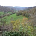 Nous empruntons une partie du Sentier du Lomont, sous un ciel gris mais par un temps agréable et une température clémente pour un mois de novembre (17°). Nous apercevons une partie des Éoliennes avant d’arriver au sommet du Petit Lomont d’où nous découvrons un beau point de vue sur la vallée (les Essarts, le Pré de Rochedane, ceux de la Motte…). Nous continuons à monter jusqu’à 570 m puis nous entamons la descente en direction de Neuchâtel Urtière.
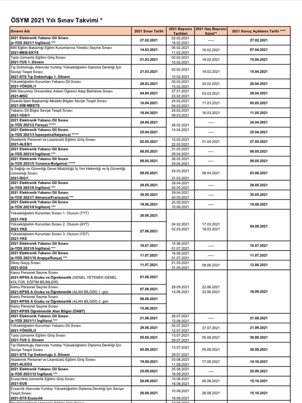 2021 yılında ÖSYM tarafından uygulanacak sınavların sınav tarihlerini, başvuru tarihlerini ve sonuç açıklama tarihlerini içeren 2021 Yılı Sınav Takvimi http://osym.gov.tr adresinden belli oldu.
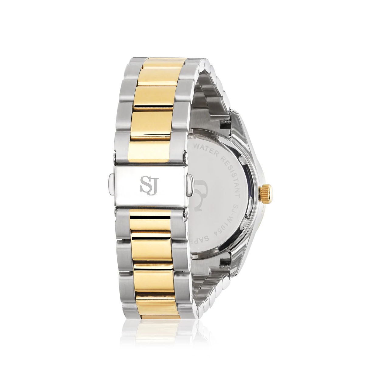 De Sif Jakobs Electra horloge, modelnummer SJ-W1054-CZ-YG, is een elegante polshorloge met een kastgrootte van 36 mm en een goud-zilver gekleurde band. Het horloge heeft een handige datumfunctie. Hoewel het niet antiallergisch is, biedt het toch stijl en functionaliteit. Perfect te dragen bij zowel formele als informele gelegenheden voor een verfijnde uitstraling.
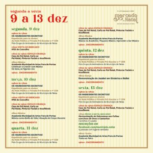 Durante a semana, de 9 a 13 de dezembro, os cerca de 800 alunos do Ensino Pré-Escolar e 1º CEB das Escolas Públicas e Privadas do Concelho vão assistir ao espetáculo “Os Ingredientes Secretos!”, encenado e apresentado pelo Grupo de Animadores do Município de Nelas e que promete muitos momentos de riso e diversão. As tardes serão preenchidas com as Atuações da “Academia Municipal de Artes Fora de Portas”, em que os talentosos alunos e corpo docente da Academia Municipal de Artes de Nelas vão trazer brilhar ao palco do Mercado de Natal, com a apresentação de um conjunto de performances na área de música e teatro que prometem encher de magia os corações de todos os espectadores nesta época festiva. Durante a semana, pode ainda desfrutar da apresentação do Jazzbell que traz momentos de Dança, Ginástica e Ballet ao Mercado, bem como a prova “O Natal mais Doce”, uma harmonização de Sobremesa de 200 Folhas com Doce de Ovos e Castanhas, orientada pelos Caminhos Cruzados.
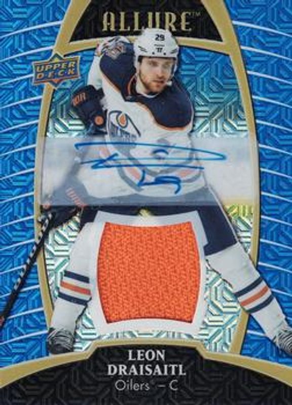 The Leon Draisaitl 2019 Upper Deck Allure #37 Blue Line Autographs Jersey Relics /25 card is 1 of 29 Leon Draisaitl's card variations in the 2019 Upper Deck Allure set being tracked by Sports Card Investor, including Base, Pewter, Red Rainbow, White Rainbow, and Yellow Taxi.
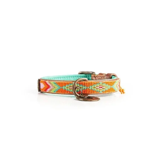 De Tiger Lily hondenhalsband uit de Beads Collectie is een echte blikvanger. Gemaakt van hoogwaardig bruin leer en afgewerkt met een handgemaakt kralenpatroon, combineert deze halsband stijl, comfort en duurzaamheid. Het kleurrijke design geeft je hond een unieke, bohemian uitstraling, terwijl de stevige materialen zorgen voor jarenlang plezier.
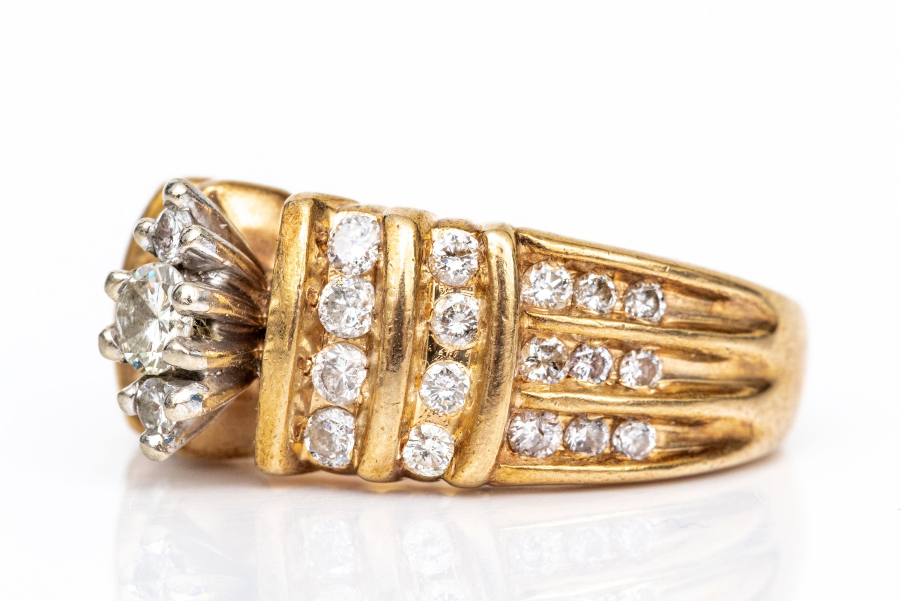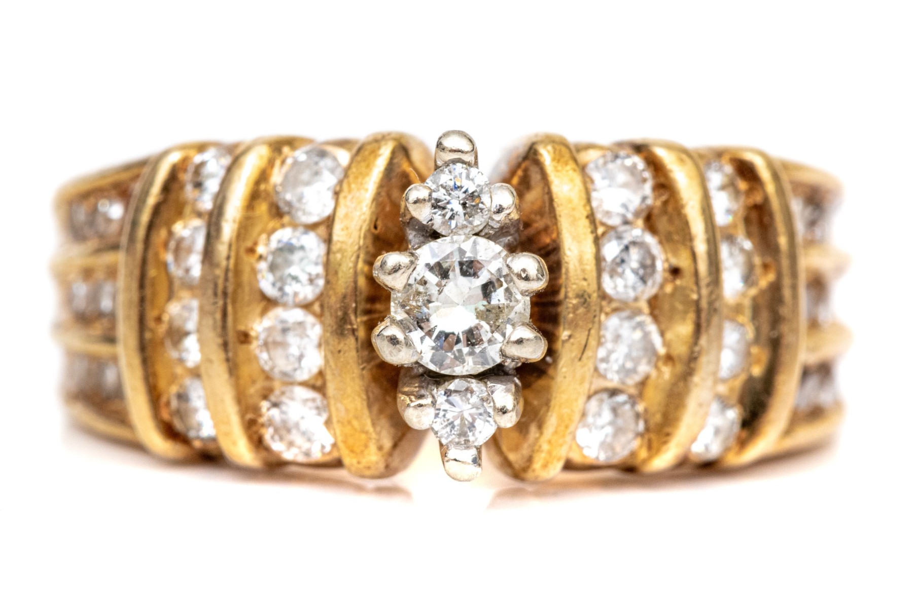 10k yellow gold marquise profile round channel diamond ring, app. 0.74 TCW, size 6.75

+-------+

ASSIGNMENT.
Beginning with the line that contains "De Tiger Lily" and ending with the last line of the data above, output those lines exactly and nothing more, without any pictures.

RESPONSE.
 De Tiger Lily hondenhalsband uit de Beads Collectie is een echte blikvanger. Gemaakt van hoogwaardig bruin leer en afgewerkt met een handgemaakt kralenpatroon, combineert deze halsband stijl, comfort en duurzaamheid. Het kleurrijke design geeft je hond een unieke, bohemian uitstraling, terwijl de stevige materialen zorgen voor jarenlang plezier.
 10k yellow gold marquise profile round channel diamond ring, app. 0.74 TCW, size 6.75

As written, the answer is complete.